3. Open **Plugins -> Lumi AI** in the sidebar.
4. Download the managed runtime and a compatible model.
5. Select the model, configure visibility and instructions, then save.
6. Start the runtime and enable AI.
The settings page is always registered as an admin-only item in the `Plugins` sidebar section. The assistant pill is injected separately above the profile footer and follows the configured admin, moderator, and user visibility controls.
## Storage
Every writable path is confined to `plugins/lumi_ai/data/`:
- `config/`: settings and runtime state
- `models/`: verified GGUF models
- `runtime/`: extracted `llama.cpp` runtime
- `logs/`: runtime logs
- `metrics/`: usage and audit records
- `rag/`, `cache/`, `tmp/`: plugin-local working data
Downloads are written to `data/tmp/`, verified against a pinned SHA-256 digest, and only then moved or extracted into their final plugin-local directory.
## Runtime and downloads
Models use pinned Hugging Face repository commits. The runtime uses a pinned official `ggml-org/llama.cpp` GitHub release because the llama.cpp project does not publish authoritative multi-platform runtime archives on Hugging Face. This is the only download-source exception; the archive URL, version, size, and SHA-256 are pinned in `runtime_manifest.json`.

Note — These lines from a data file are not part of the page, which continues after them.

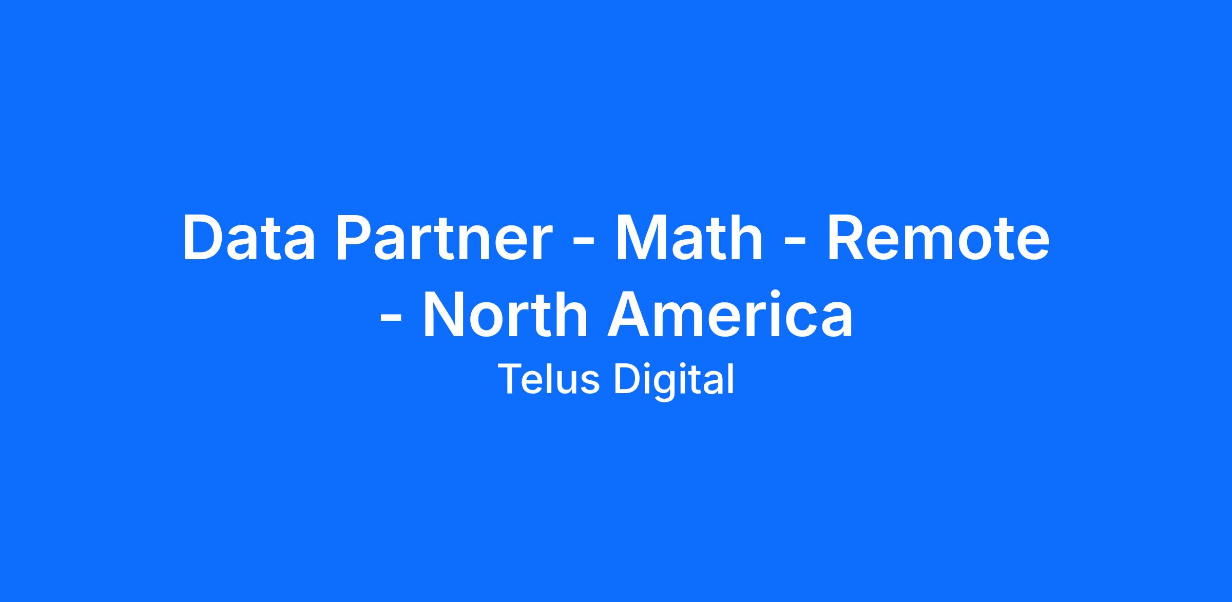 Data Partner - Math - Remote - North America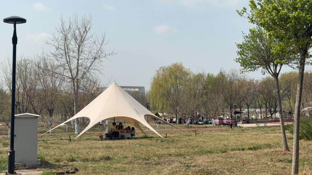 景区里开阔舒展的露天大草坪,是当之无愧的人气“C位”。暖阳倾洒,青草茵茵,市民们携家带口、邀约好友,早早赶来抢占心仪的露营点位。大家熟练地支起各色帐篷、铺好软糯的野餐垫,摆上精心准备的零食、水果与下午茶,一家人围坐闲谈,好友们举杯畅聊,孩子们在草坪上肆意奔跑撒欢。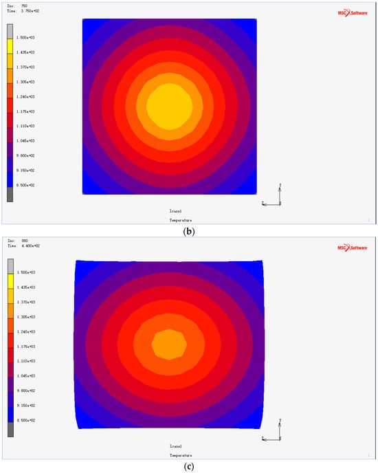 In the simulated reduction process, reduction rollers were regarded as rigid bodies without deformation, while the billet was treated as a deformable body. The friction coefficient between the reduction roller and the billet was assumed to be 0.3. The billet length and cross section were set as 1000 mm and 160 mm × 160 mm, respectively. The schematic diagram of 3D thermal–mechanical coupled model of the reduction process is shown in Figure 3a, and the typical morphology and temperature distribution contour maps of transverse cross sections at different distances from the meniscus in a specific casting condition with reduction process are illustrated in Figure 3b,c for instance.

The runtime binds only to `127.0.0.1` on an ephemeral port. It is never exposed on `0.0.0.0`.
Before loading a model, Lumi AI runs `llama-server --help` as a smoke test. Failed launches and exits are decoded into plugin-local diagnostics, including Windows NTSTATUS values such as `0xC0000005 / STATUS_ACCESS_VIOLATION`. The admin page provides remediation steps, raw stdout/stderr tails, model verification, and a redacted diagnostics bundle.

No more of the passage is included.